* [Brief] The task calls for the line containing "Wyznacz wartości m, dla" and all later lines, through the end of the entries below, to be set down exactly and without pictures.

* [Extracted entries]
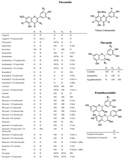 Several glycosides of myricetin and quercetin were identified in V. myrtillus. Different studies reported the presence of myricetin 3-glucoside, myricetin 3-arabinoside, myricetin 3-O-rhamnoside, quercetin 3-O-arabinoside, quercetin 3-O-rhamnoside, quercetin 3-O-galactoside, quercetin 3-O-glucoside, and quercetin 3-O-rutinoside [,,,]. Apigenin, chrysoeriol, myricetin, myricetin-3-xyloside, quercetin 3-O-glucuronide, quercetin 3-O-xyloside, isorhamnetin 3-O-glucoside [], luteolin are other flavonoids described in V. myrtillus []. Kaempferol, isorhamnetin, laricitrin, syringetin, isorhamnetin 3-O-galactoside, myricetin 3-O-glucuronide, laricitrin 3-O-glucoside, syringetin 3-O-glucoside [,,], kaempferol 3-O-glucoside, myricetin 3-O-galactoside, and isorhamnetin 3-O-xyloside are also described [].
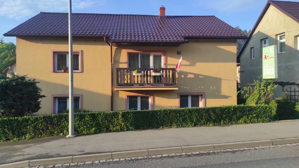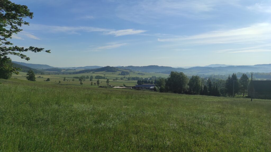 Nasyciłem oczy i duszę pięknym widokiem na Zadziernej i ruszyłem ostrym zejściem w dół. Szlak doprowadził mnie zboru do asfaltu i znowu towarzyszył mi do kolejnej wioski, która była Lubawka. E ogóle dzisiejszy szlak wyglądał w ten sposób: wioska, wzgórze leśne, wioska, wzgórze leśne i tak kilka razy.
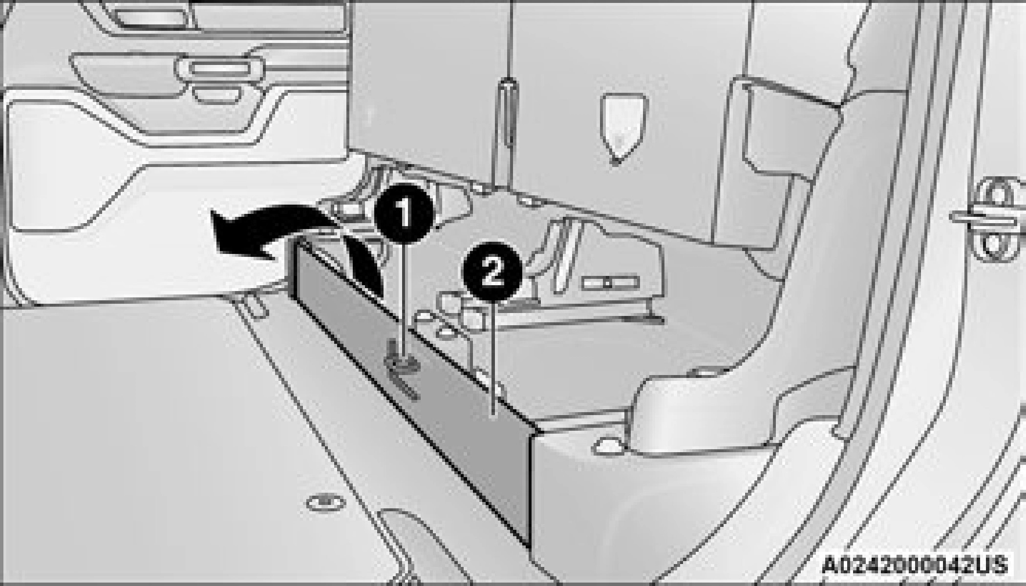 1 — Lock Mechanism 2 — Front Of Seat Base
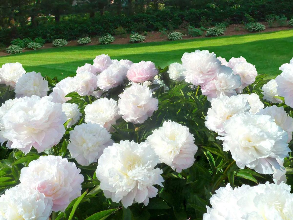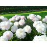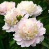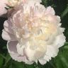 Ширли Темпл — густомахровый пион окрашен в молочный цвет с оттенками утренней зари на лепестках, кажется, что первые лучи восходящего солнца подарили нежную окраску этому цветку.
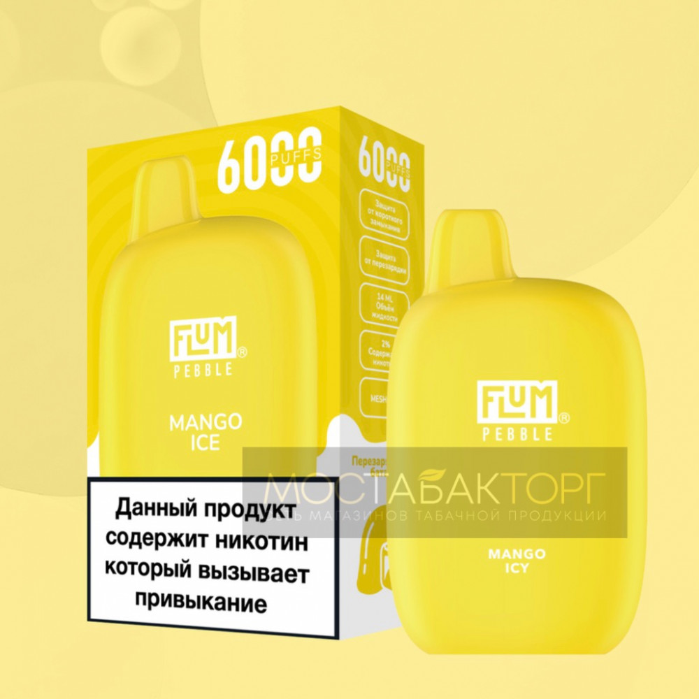 Электронная сигарета FLUM Pebble Манго Лёд на 6000 затяжек
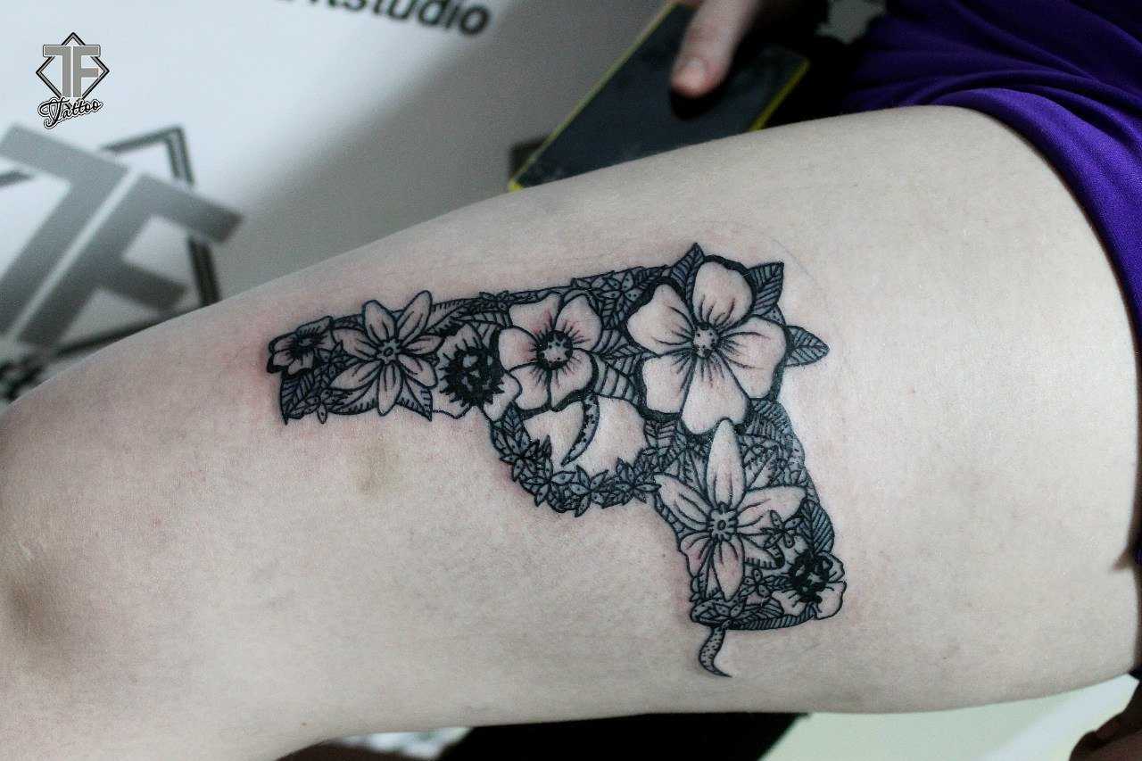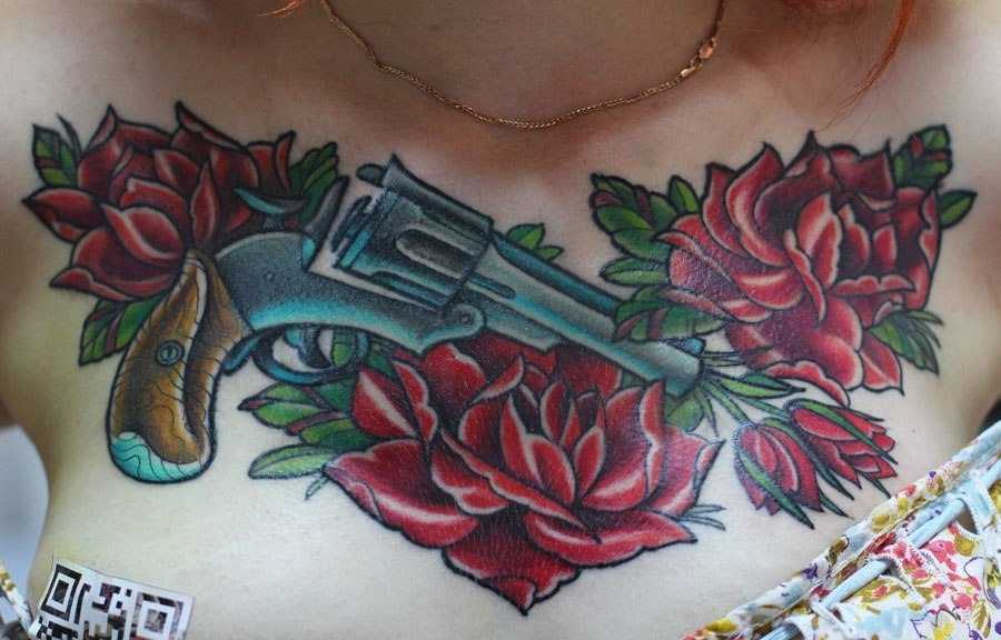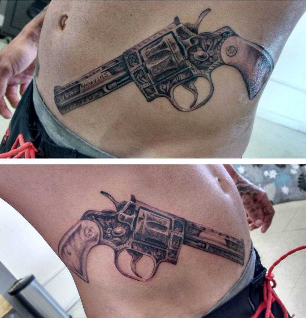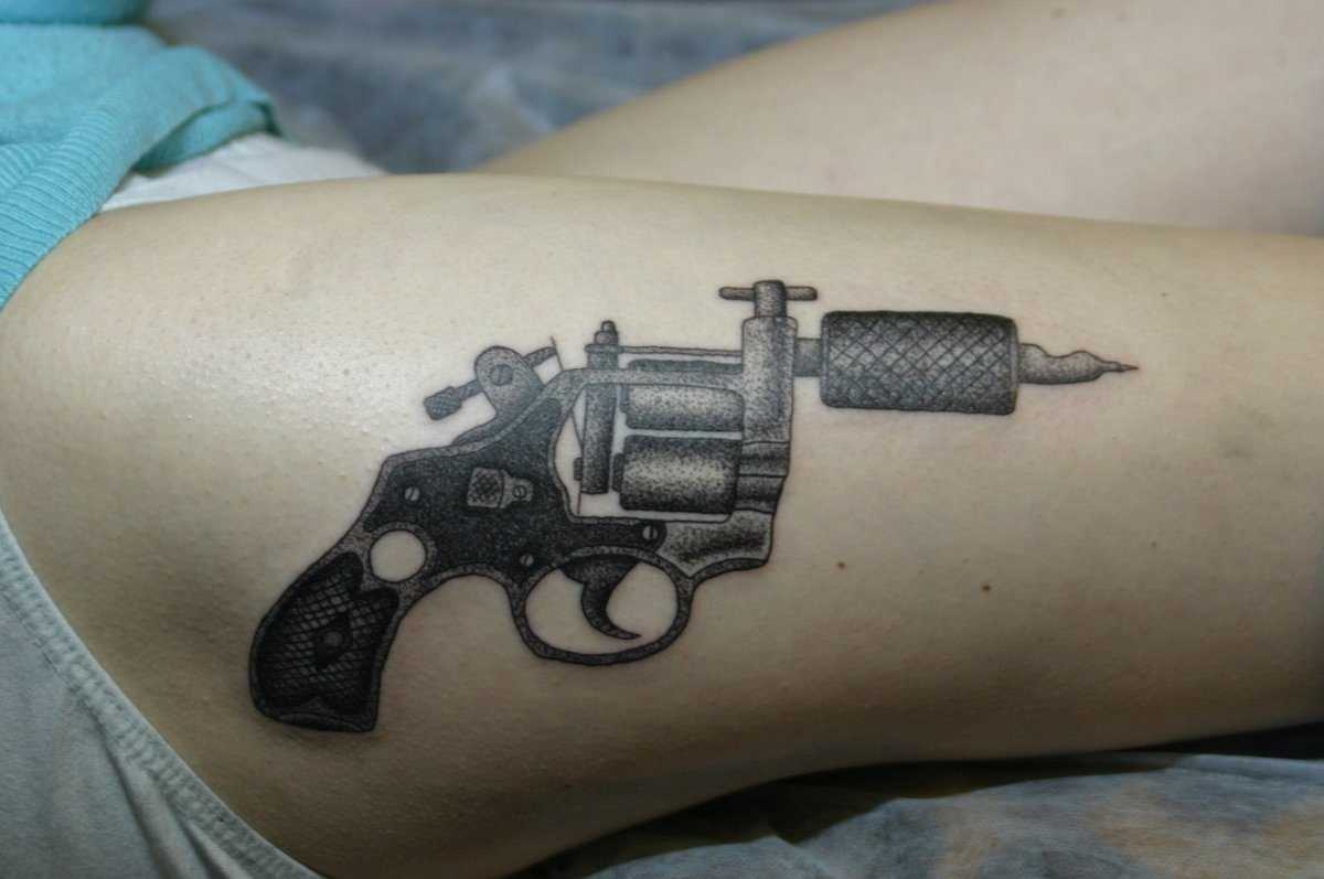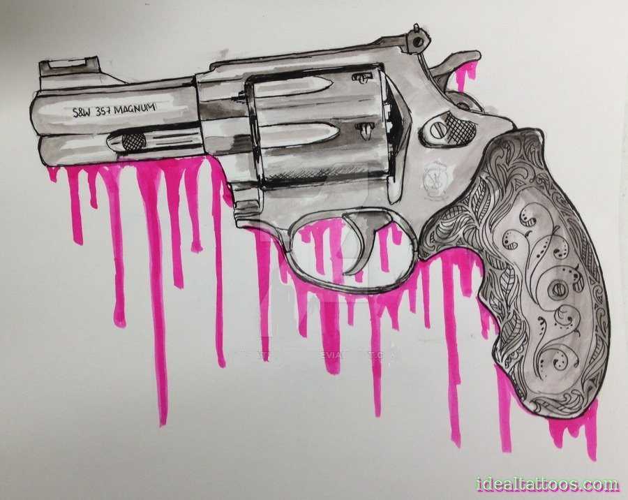 Татуировок с изображением пистолета очень много, и каждая из них может дополняться по желанию оригинальными деталями. Леди, решившиеся на подобный эксперимент со своей внешностью, зачастую останавливают выбор на изображении оружия с чулком. В подобном примере эскиза основная часть рисунка – пистолет, интересно украшается подвязкой или её элементами. Смотрится подобная картинка эффектно, дерзко и сексуально. Оригинально выглядят рисунки с двумя пистолетами расположенные рядом или пара со скрещенными стволами. Впечатляют эскизы с цветами и надписями, картами и денежными купюрами в качестве деталей, а также эскизы, демонстрирующие пистолет во время выстрела и многие другие, не менее впечатляющие примеры.
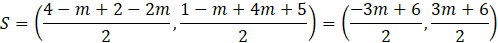 Wyznacz wartości m, dla których S(3, 3-m) jest środkiem odcinka AB o końcach w punkcie A(4-m, 1-m), B(2-2m, 4m+5).
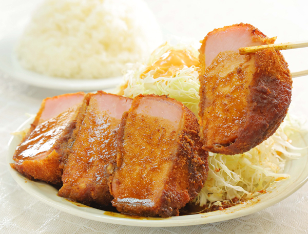 【レストランばーく】(神奈川・鶴見)巨大ハムカツは1切れ約100グラムが4枚も!

* [Answer area]
 Wyznacz wartości m, dla których S(3, 3-m) jest środkiem odcinka AB o końcach w punkcie A(4-m, 1-m), B(2-2m, 4m+5).
 【レストランばーく】(神奈川・鶴見)巨大ハムカツは1切れ約100グラムが4枚も!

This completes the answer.